WHAT TO WORK ON
The needed output is the run of lines below from the one containing "(3)当在会中想提问与会议无" through the one containing "En 1,03 dólares", copied exactly and free of pictures.

EXCERPTED RECORDS
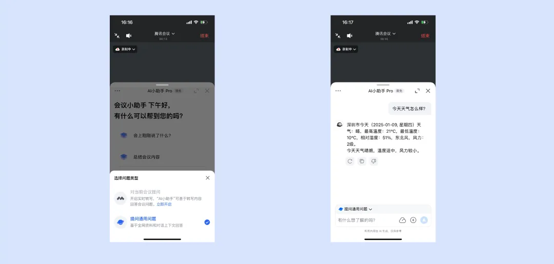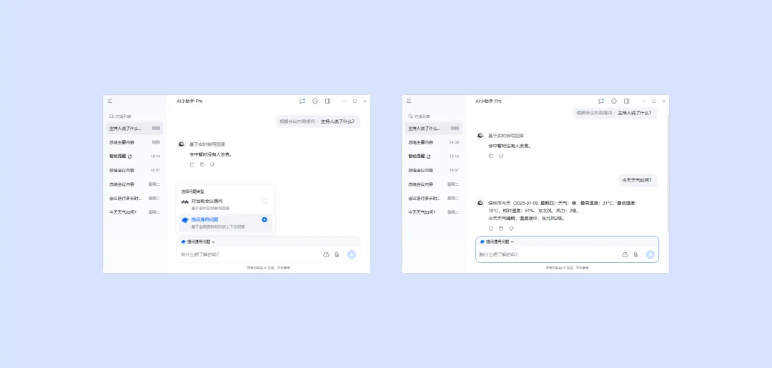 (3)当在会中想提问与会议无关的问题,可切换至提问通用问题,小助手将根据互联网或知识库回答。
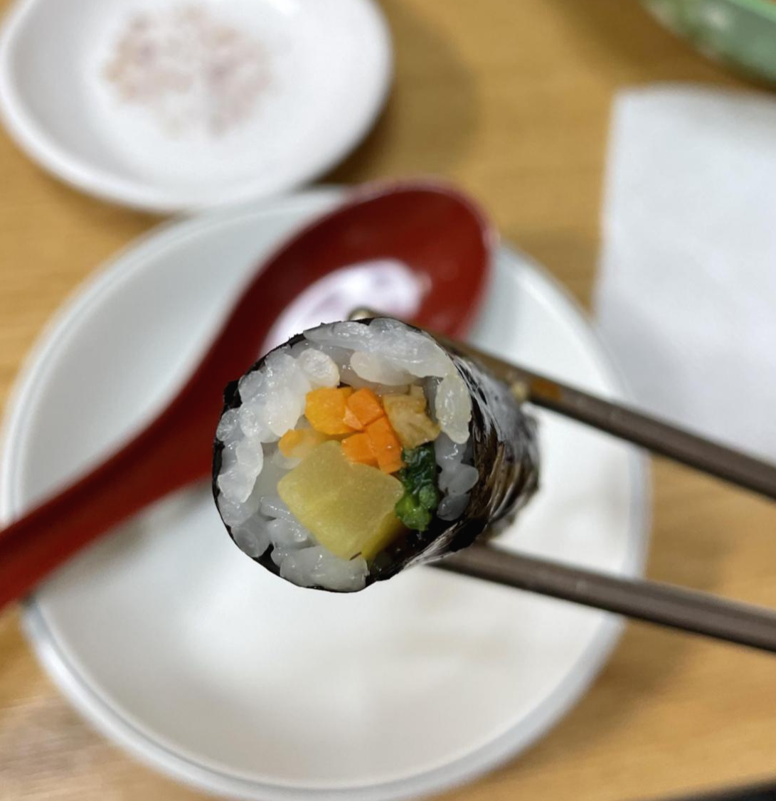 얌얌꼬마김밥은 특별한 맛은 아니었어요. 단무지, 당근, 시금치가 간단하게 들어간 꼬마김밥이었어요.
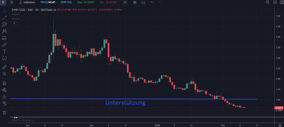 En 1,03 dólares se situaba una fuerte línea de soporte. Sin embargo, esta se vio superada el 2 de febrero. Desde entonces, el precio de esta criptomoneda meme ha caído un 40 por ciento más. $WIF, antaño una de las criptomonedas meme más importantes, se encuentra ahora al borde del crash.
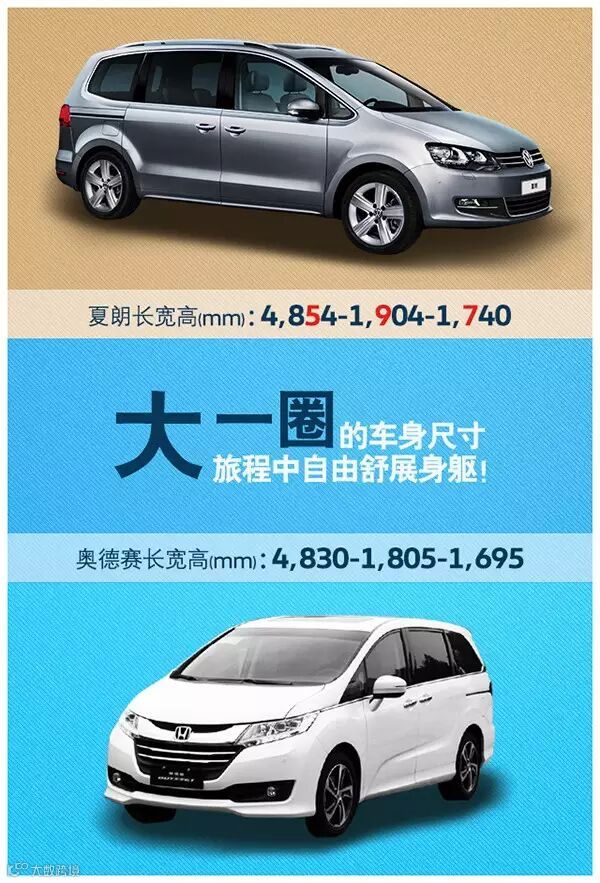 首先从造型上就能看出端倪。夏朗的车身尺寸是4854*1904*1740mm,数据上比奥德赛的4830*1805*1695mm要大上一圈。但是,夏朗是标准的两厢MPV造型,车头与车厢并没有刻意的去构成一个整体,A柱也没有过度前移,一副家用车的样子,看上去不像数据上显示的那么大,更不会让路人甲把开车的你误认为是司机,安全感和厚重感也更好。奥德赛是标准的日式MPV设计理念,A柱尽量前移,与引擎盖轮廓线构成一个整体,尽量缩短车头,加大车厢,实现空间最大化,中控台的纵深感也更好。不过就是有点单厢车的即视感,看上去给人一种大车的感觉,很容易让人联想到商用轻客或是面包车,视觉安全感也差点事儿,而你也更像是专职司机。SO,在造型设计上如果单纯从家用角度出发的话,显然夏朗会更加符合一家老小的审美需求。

* * *

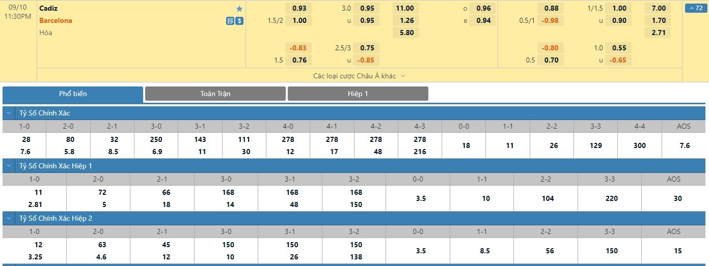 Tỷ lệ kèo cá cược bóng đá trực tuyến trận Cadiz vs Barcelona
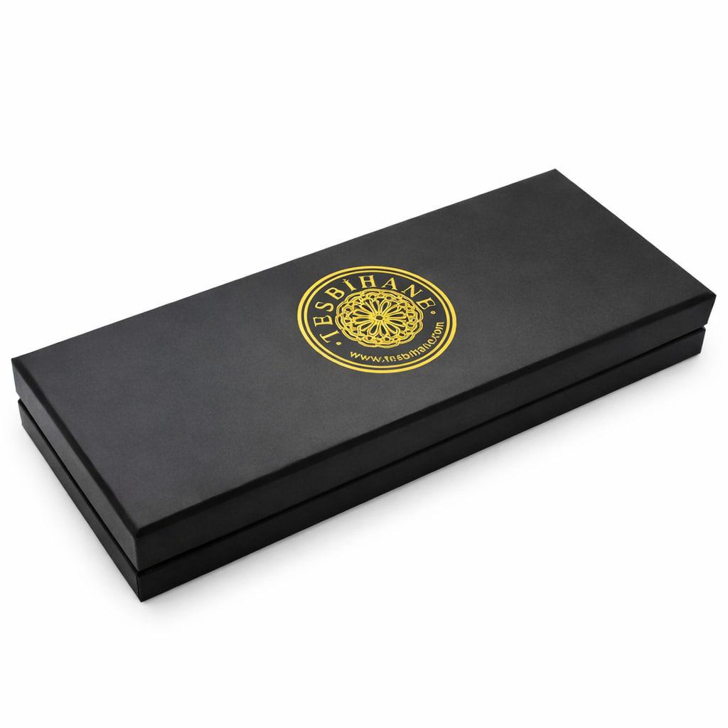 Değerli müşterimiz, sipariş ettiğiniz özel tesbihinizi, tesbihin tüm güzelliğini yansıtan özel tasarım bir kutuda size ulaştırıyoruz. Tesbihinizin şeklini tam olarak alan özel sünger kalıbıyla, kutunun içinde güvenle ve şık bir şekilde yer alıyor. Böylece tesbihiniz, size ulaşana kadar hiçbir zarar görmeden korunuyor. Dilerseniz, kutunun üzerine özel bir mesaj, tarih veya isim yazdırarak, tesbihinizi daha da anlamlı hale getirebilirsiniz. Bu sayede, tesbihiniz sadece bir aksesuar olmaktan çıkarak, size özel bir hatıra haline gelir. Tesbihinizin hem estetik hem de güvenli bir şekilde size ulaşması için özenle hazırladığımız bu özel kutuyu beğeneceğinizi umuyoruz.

SOLUTION TO THIS PROBLEM
 (3)当在会中想提问与会议无关的问题,可切换至提问通用问题,小助手将根据互联网或知识库回答。
 얌얌꼬마김밥은 특별한 맛은 아니었어요. 단무지, 당근, 시금치가 간단하게 들어간 꼬마김밥이었어요.
 En 1,03 dólares se situaba una fuerte línea de soporte. Sin embargo, esta se vio superada el 2 de febrero. Desde entonces, el precio de esta criptomoneda meme ha caído un 40 por ciento más. $WIF, antaño una de las criptomonedas meme más importantes, se encuentra ahora al borde del crash.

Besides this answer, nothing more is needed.